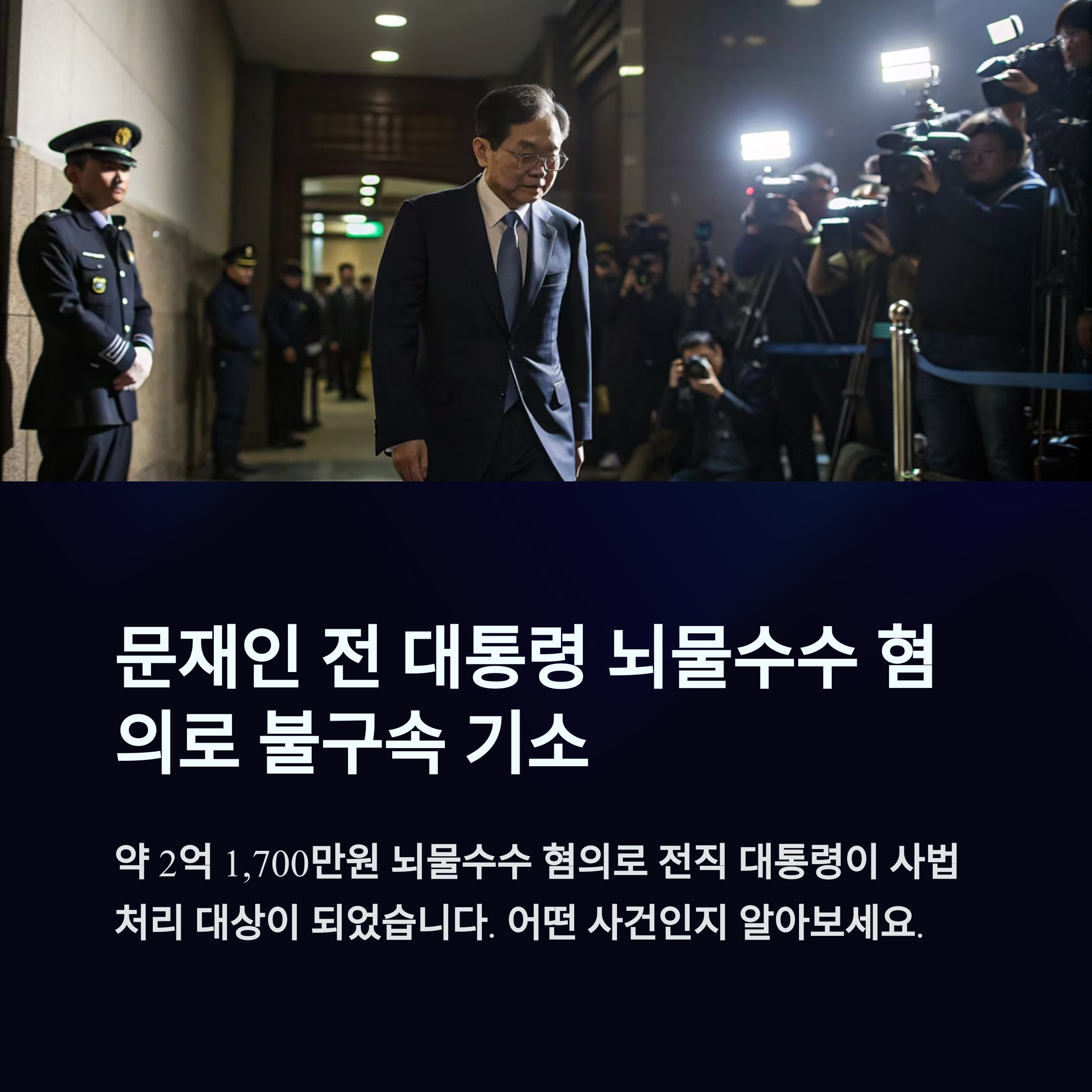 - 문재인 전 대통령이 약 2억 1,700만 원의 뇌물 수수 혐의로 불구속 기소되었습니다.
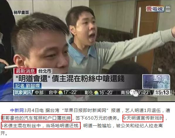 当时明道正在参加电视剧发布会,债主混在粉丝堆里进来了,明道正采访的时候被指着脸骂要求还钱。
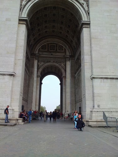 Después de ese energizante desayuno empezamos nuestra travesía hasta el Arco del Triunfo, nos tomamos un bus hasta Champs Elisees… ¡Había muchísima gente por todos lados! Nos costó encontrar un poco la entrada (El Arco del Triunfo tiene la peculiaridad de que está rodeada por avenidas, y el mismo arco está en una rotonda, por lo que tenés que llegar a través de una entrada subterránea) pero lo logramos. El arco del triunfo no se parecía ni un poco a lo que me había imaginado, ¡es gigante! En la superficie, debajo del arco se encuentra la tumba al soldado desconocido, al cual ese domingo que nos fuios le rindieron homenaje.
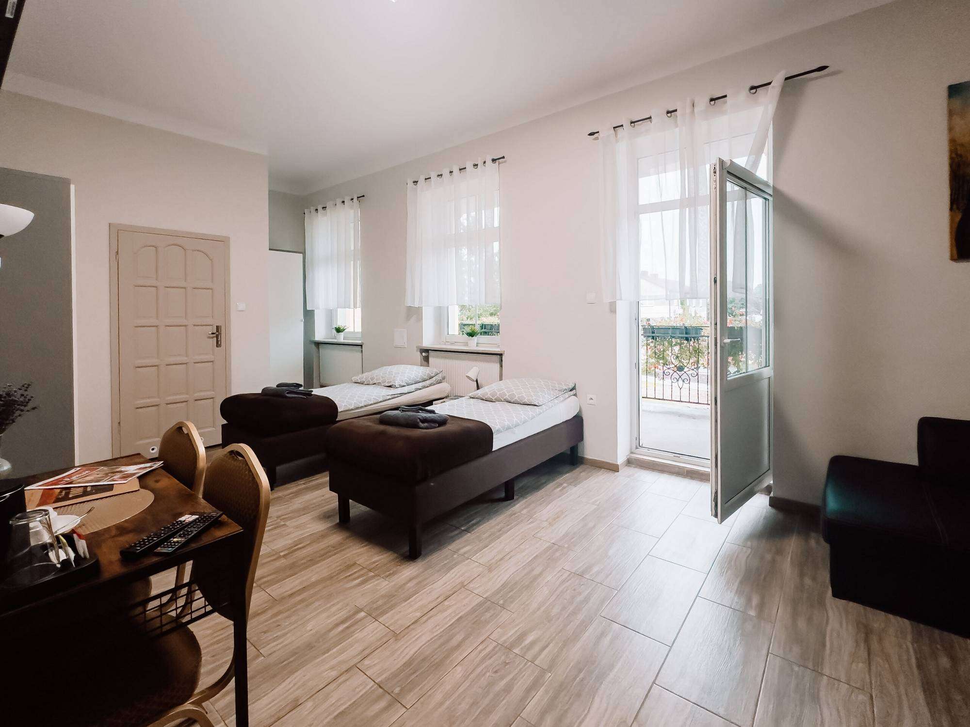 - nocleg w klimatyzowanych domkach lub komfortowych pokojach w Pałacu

○ ○ ○

## WORK TASK
The copy should run from the first line of the material above through the line with "当时明道正在参加电视剧发布会", repeated exactly and without pictures.

## OUTPUT FOR THIS EXERCISE
 - 문재인 전 대통령이 약 2억 1,700만 원의 뇌물 수수 혐의로 불구속 기소되었습니다.
 当时明道正在参加电视剧发布会,债主混在粉丝堆里进来了,明道正采访的时候被指着脸骂要求还钱。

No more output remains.